We need to build Temperance Flat Dam
There is no water shortage. What we have is a shortage of water storage.
To emphasize this point - last week at Friant Dam, they began releasing 6,000 cubic foot of water per second to make room for runoff due to potential flooding. That is the equivalent, per day, of Bulldog stadium filled to 12,000 feet high.
Every year, there is an average flood release from Friant of 500,000 acre feet - the equivalent of Bulldog stadium filled to nearly 100 miles high.
The storage capacity of Friant Dam is 520,000 acre feet. The proposed Temperance Flat Dam would more than double the storage, and allow us to capture the water that is now released every year for flood control. This can be used to recharge the underground aquifer through interconnected recharge basins.
The yearly loss of this water means that jobs, food, community health and prosperity are flowing down the river out to the ocean. This leaves our already disadvantaged communities at a greater disadvantage.
It is likely, with the new presidential administration, that federal water policy will be reexamined and changed in a manner favorable to our region. We need to build Temperance Flat Dam to preserve our water, recharge our ground water, and protect jobs and our future.
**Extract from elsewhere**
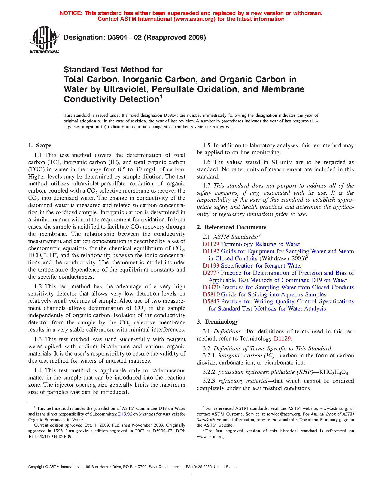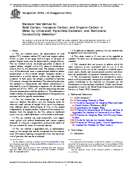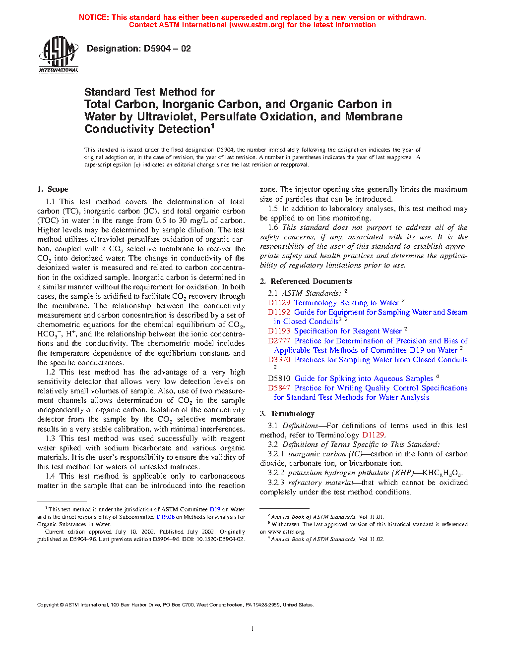 1.1 This test method covers the determination of total carbon (TC), inorganic carbon (IC), and total organic carbon (TOC) in water in the range from 0.5 to 30 mg/L of carbon. Higher levels may be determined by sample dilution. The test method utilizes ultraviolet-persulfate oxidation of organic carbon, coupled with a CO2 selective membrane to recover the CO2 into deionized water. The change in conductivity of the deionized water is measured and related to carbon concentration in the oxidized sample. Inorganic carbon is determined in a similar manner without the requirement for oxidation. In both cases, the sample is acidified to facilitate CO2 recovery through the membrane. The relationship between the conductivity measurement and carbon concentration is described by a set of chemometric equations for the chemical equilibrium of CO2, HCO3−, H+, and the relationship between the ionic concentrations and the conductivity. The chemometric model includes the temperature dependence of the equilibrium constants and the specific conductances.

David Rogers, District 2 Madera County Supervisor
One of the measures on the California ballot in November 2016 was Proposition 61. If the measure had passed, it would have allowed state government agencies to be able to negotiate drug prices with the pharmaceutical industry, which the Veterans Administration is able to do.
Bill Atwood stated in his editorial in the Sierra Star, dated Oct. 27, 2016, “As soon as ‘Socialist’ Bernie Sanders endorsed it (Proposition 61), I know I was right to oppose it.” Mr. Atwood would do well to focus more on those interest groups who financed that campaign to defeat the measure.
The “Vote No” campaign received $109 million from the pharmaceutical industry. Among the major contributors were: Merck & Co. Inc. ($94 million); Pfizer Inc. ($94 million); Johnson & Johnson ($93 million). For a more complete list visit: marketwatch.com/story/drug-companies-spend-109-million-to-block-vote-to-lower-drug-prices-2016-11-06.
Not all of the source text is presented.